The library’s exhibit, titled “Echoes of the Great War: American Experiences of World War I,” opens April 4, two days before the 100th anniversary of the U.S. entry into the war.
Planned for a gallery in the library’s Thomas Jefferson Building, across the street from the U.S. Capitol, it will feature hundreds of rotating items — letters, music, film, posters, photographs and scrapbooks.
Artifacts related to, among others, Army Gen. John J. Pershing, African American soldier and future civil rights lawyer Charles Hamilton Houston and Red Cross volunteer Dorothy Kitchen O’Neill, who survived the influenza pandemic, will be included.
Two Patton items, from 100 boxes of his papers at the library, will be on exhibit: his pocket diary and a bleak poem called “Peace — November 11, 1918,” which he wrote lamenting the end of the war that day.
We can but hope that e’re we drown
‘Neath treacle floods of grace
The tuneless horns of mighty Mars
Once more shall rouse the Race
When such times come, Oh! God of War
Grant that we pass midst strife
Knowing once more the whitehot joy
Of taking human life.
A few decades later he would get his wish.
Patton is perhaps best known for his World War II feat of speeding his Third Army to relieve besieged Americans around the town of Bastogne, Belgium, during the Battle of the Bulge.
D’Este called it his “finest hour.” Blumenson called it the “sublime moment of his career.”
Patton wrote that the German attack that produced “the bulge” in the Allied lines in 1944 “reminds me very much of . . . [a German offensive in 1918] and I think will have the same results.” He was correct. The enemy was defeated.
Patton was profane, courageous, narcissistic and anti-Semitic, according to historians. He was disciplined, driven and thoughtful, and wrote voluminously.

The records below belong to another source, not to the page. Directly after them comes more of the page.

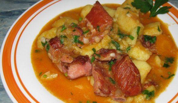 Mod de Preparare: Tocam ceapa, morcovii si le calim pentru cateva minute in uleiul incins, dupa care adaugam ardeii. Cand devin sticloase, adaugam bucatile de carne, le calim putin, apoi acoperim cu apa si dam la cuptor cam 15 minute la foc mediu. Intre timp curatam cartofii, ii taiem cubulete, si ii adaugam peste carne cand expira timpul, impreuna cu pasta de ardei si foile de dafin. Amestecam bine, completam cu apa daca este nevoie si punem inapoi la cuptor. Primele 10 - 15 minute cu capac, apoi fara, ca sa mai scada lichidul si sa se rumeneasca. Cand cartofii sunt fierti, mancarea este gata. In functie de cat e de sarata carnea, adaugam la sfarsit sare si piper. Servim langa niste muraturi aceasta mancarica delicioasa, care are aproximativ 120 de calorii la 100 de grame.
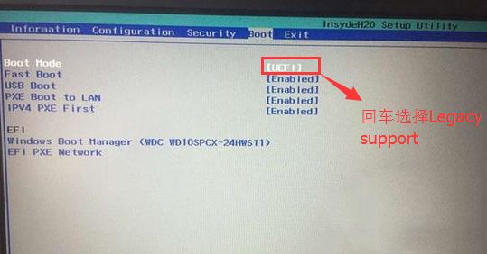 4、切換到Boot,把Boot Mode從UEFI改成Legacy Support;
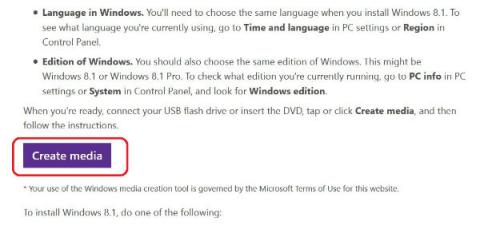 ソフトのダウンロードは下記のアドレスの「Create media」ボタンになります。
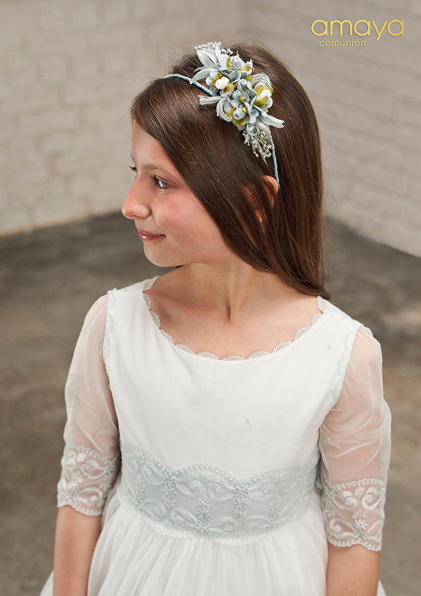 El Vestido de comunión en color blanco y verde agua para niña de la marca AMAYA. El Vestido con manga larga bordada y escote redondo delante y escote V bordado detras. El cinturón bordado de color verde agua y un lazo en la espalda. El Vestido de la falda larga de 3 capas tipo cancán para mantener su forma. AMAYA representa siempre el estilo romántico característico de la firma, y como en cada colección, una gran apuesta por la innovación y la artesanía de sus complementos. Corona y flor del cinturon no están incluidos
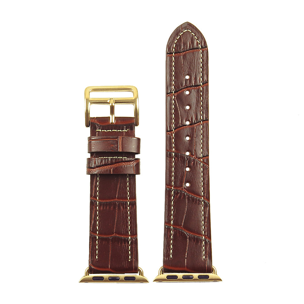 DASSARI Croc Embossed Leather Strap w/ Yellow Gold Buckle for Apple Watch

But his achievements were marred, and his career ended, by lapses away from the battlefield, such as the slapping incidents, his rash public statements and his contempt for the war’s displaced Jews, whom he called “sub human” and “lower than animals.”
He believed in destiny, primarily his own, and reincarnation — claiming that, in past lives, he had been a warrior with the Romans, the Vikings and Napoleon, among others.
He believed he was watched over by his paternal grandfather and a great-uncle who were killed fighting for the Confederacy, according to D’Este’s biography. Although he was born in California, he had deep family roots in Virginia.
Patton also played polo, fenced and wrote a book of poetry, much of it about war.
“The more one sees of war, the better it is,” he wrote to a family friend after he arrived in Europe in 1917. “Of course there are a few deaths but . . . the party is worth the price of admission.”
On Dec. 9, 1945, seven months after World War II ended in Europe, Patton suffered a broken neck in a car accident in Germany while headed out pheasant hunting.
He was paralyzed from the neck down and succumbed 12 days later, at the age of 60. After a lifetime of study and glorification of war, and numerous close calls in combat, he remarked of his fatal injury: “This is a hell of a way to die.”